START Dataset content

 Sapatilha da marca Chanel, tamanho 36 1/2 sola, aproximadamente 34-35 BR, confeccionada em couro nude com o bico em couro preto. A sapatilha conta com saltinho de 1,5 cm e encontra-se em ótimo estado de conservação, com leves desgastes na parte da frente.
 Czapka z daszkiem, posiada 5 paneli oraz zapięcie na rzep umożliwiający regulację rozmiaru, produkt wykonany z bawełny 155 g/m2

END Dataset content
START Dataset content

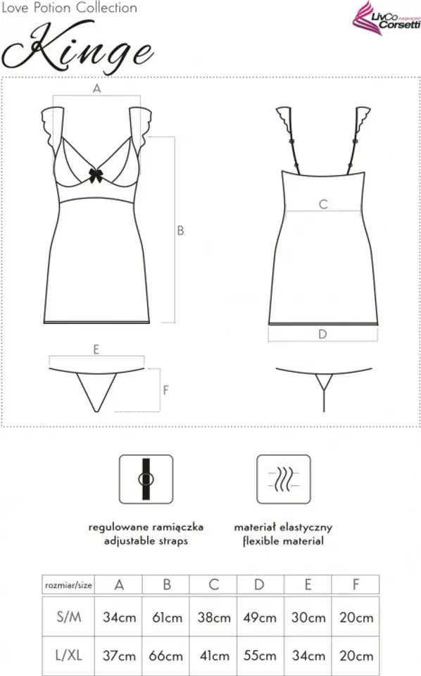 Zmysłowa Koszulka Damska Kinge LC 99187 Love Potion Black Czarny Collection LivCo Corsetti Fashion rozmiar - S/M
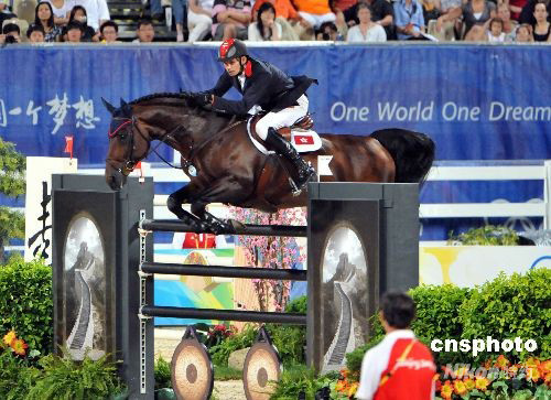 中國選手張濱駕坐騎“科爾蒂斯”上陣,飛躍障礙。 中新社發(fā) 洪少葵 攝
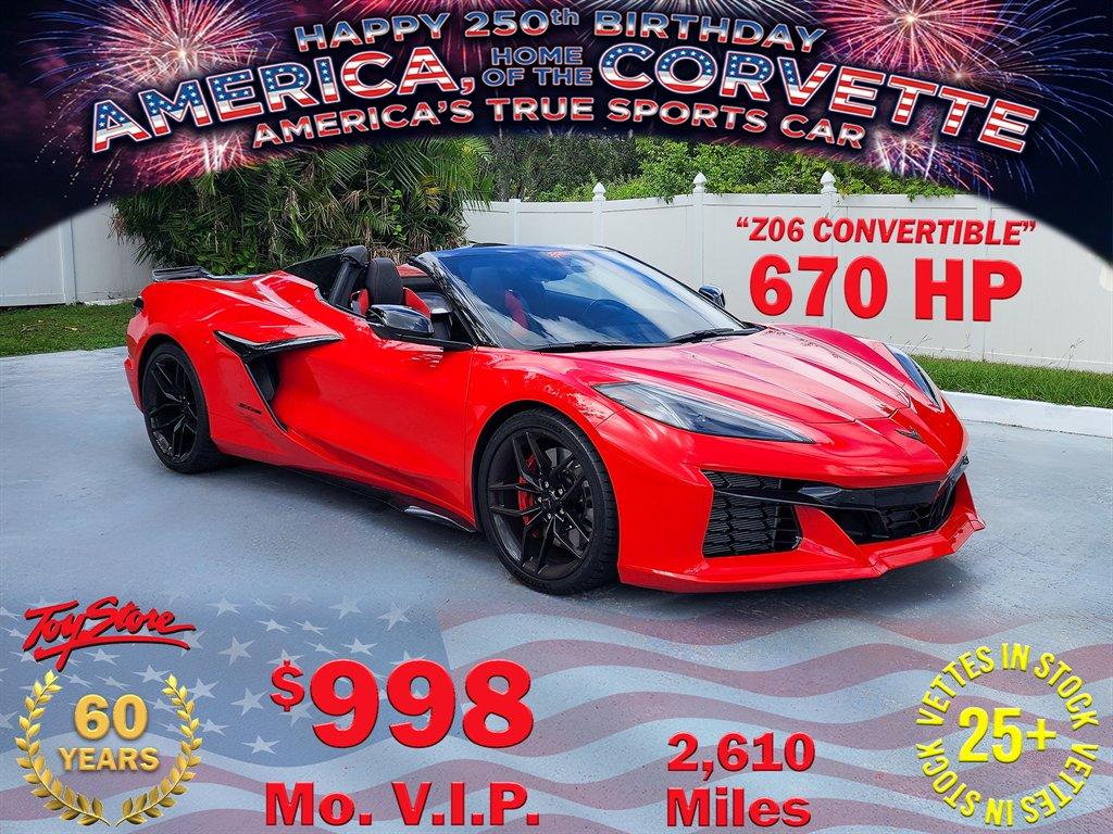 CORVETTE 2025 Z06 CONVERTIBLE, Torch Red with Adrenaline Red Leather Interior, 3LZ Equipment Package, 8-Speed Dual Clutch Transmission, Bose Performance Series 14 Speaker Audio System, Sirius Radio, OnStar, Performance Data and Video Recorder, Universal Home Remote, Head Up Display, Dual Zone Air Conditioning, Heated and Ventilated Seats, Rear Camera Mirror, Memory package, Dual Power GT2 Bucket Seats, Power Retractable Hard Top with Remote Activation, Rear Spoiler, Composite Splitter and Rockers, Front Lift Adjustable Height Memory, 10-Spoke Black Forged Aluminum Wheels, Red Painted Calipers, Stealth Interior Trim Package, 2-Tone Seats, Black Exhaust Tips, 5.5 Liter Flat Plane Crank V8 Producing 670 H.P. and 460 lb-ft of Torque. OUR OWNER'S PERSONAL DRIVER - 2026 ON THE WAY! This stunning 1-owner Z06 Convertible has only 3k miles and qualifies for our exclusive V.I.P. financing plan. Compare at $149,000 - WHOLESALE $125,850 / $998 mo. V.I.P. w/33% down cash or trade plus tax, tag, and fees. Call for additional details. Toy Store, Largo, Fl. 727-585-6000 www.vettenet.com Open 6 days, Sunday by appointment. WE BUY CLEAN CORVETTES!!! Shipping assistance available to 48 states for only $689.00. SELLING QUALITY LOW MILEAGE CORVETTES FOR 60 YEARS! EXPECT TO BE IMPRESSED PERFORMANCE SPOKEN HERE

END Dataset content
START Dataset content

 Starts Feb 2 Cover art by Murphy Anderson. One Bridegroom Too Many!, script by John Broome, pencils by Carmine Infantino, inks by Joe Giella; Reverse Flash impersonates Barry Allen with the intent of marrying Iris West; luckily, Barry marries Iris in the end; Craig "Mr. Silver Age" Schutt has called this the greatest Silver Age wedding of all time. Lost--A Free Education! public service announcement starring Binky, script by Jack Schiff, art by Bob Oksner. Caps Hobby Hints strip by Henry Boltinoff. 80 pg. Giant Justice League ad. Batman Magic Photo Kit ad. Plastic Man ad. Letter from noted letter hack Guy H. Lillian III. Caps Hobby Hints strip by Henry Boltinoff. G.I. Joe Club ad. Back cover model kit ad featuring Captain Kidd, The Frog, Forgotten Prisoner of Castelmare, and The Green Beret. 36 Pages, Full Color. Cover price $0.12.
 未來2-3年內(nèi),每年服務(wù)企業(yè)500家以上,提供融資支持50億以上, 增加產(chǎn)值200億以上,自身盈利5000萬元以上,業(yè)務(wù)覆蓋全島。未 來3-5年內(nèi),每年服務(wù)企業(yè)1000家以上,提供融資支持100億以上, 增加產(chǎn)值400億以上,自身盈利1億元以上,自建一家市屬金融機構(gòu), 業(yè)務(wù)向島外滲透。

END Dataset content

- What you should do -
Since only part of the listing is wanted, copy exactly the lines from the one holding "Sapatilha da marca" to the one holding "Czapka z daszkiem, posiada", both included.

- Answer -
 Sapatilha da marca Chanel, tamanho 36 1/2 sola, aproximadamente 34-35 BR, confeccionada em couro nude com o bico em couro preto. A sapatilha conta com saltinho de 1,5 cm e encontra-se em ótimo estado de conservação, com leves desgastes na parte da frente.
 Czapka z daszkiem, posiada 5 paneli oraz zapięcie na rzep umożliwiający regulację rozmiaru, produkt wykonany z bawełny 155 g/m2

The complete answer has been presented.